До Лу Синя в мировой литературе были «Стихотворения в прозе» Тургенева. Китайский писатель читал их и, более того, находился под их впечатлением. Его несколько стихотворений о снах построены так, как у Тургенева «Конец света» («Чудилось мне…» и «…Едва переводя дыхание, я проснулся»), «Насекомое» («Снилось мне…»), «Природа» («Мне снилось…» и «…и я проснулся»). Вспомним тургеневское стихотворение «Чернорабочий и белоручка» в сопоставлении с «Умным, дураком и рабом». Руки белоручки пахнут железом: он шесть лет носил на них кандалы. «А за что же это?» - спрашивает чернорабочий. «А за то, что я о вашем же добре заботился, хотел освободить вас, серых, темных людей, восставал против притеснителей ваших, бунтовал… Ну, меня и засадили». И чернорабочий отвечает на это: «Засадили? Вольно ж тебе было бунтовать!» А два года спустя казнят белоручку, который «все бунтовал». «Ну, вот что, брат Митрий, - говорит один из чернорабочих, - нельзя ли нам той самой веревочки раздобыть, на которой его вешать будут? говорят, ба-альшое счастье от этого в дому бывает!» Все очень похоже и на «Умного, дурака и раба», и на «Снадобье». Здесь очень заманчиво определить влияние. Но мешает этому разительная похожесть на стихотворение Тургенева именно «Снадобья», национальная особенность которого при этом безусловна, мешает и близость «Умного, дурака и раба» к многолетним, упорным и самостоятельным раздумьям Лу Синя.

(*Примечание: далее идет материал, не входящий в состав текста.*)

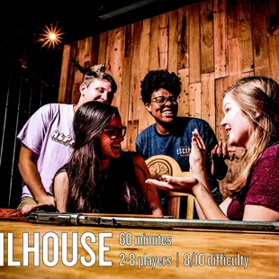 First experience at an escape room. We picked jailhouse and there were only two us. We did the 45 min game. They had videos for us to watch before we started. I thought that was helpful. Be warned if only two, they split us up into different cells. That was unexpected so it kinda through me for a loop. The room was cool. Had the old time jail vibe. Sadly, we didn't escape. Lol I like the screen with the time on it. Also with 45 mins you kinda get unlimited clues. We had to get a lot and still didn't escape lol although we came very close. I forgot the young ladies name that was our game host but she was very nice and told us we did god even though I thought we didn't. LolCommunication is the biggest thing though for these so just make sure you go with someone or ppl that will communicate with you!!!! But also have fun and enjoy the game!

И хотелось бы здесь сказать не о влиянии - это слово, в данном случае, как видим, слишком неточно, - а скорее о веянии Тургенева в лусиневских стихотворениях в прозе.

Тревогой о нравственности дышат «Дикие травы». И в свете этой тревоги понятно неожиданное обращение китайца Лу Синя в стихотворении «Месть» к теме распятия Христа, привлекшей в мировой литературе таких художников, как Андреев, Франс, Булгаков. «Бен-Товита» Андреева Лу Синь читал, как читал он, возможно, и «Прокуратора Иудеи» Франса. У Франса безумец, изгоняющий торгующих из храма (Понтий Пилат так и говорит - «какой-то безумец»), не так уж далек от безумцев и дураков китайского писателя. Равнодушие и жестокость прокуратора, начисто забывшего о посланном им на казнь Иисусе, вновь оживают в современном Лу Синю Китае. Как и равнодушие Бен-Товита. В тот страшный день, когда распинают Христа, у торговца Бен-Товита болят зубы, и это настолько портит его радость от удачной мены старого осла на молодого и сильного, что его с трудом развлекает зрелище несущих кресты преступников. «Рассказывают, что он исцелял слепых», - сказала жена, не отходившая от парапета, и бросила камешек в то место, где медленно двигался поднятый бичами Иисус. У Лу Синя: «Прохожие злословят о нем, первосвященники и книжники насмехаются над ним, двое разбойников, распятые с ним вместе, и те поносят его…» В гибелях и казнях лусиневских героев повторяется старая жестокость неустроенного, равнодушного мира, в котором был Христос, были «семь повешенных», был «белоручка». Не об этом ли думает Лу Синь в своей надежде вызвать в людях гнев, который приведет к революционной переделке общества.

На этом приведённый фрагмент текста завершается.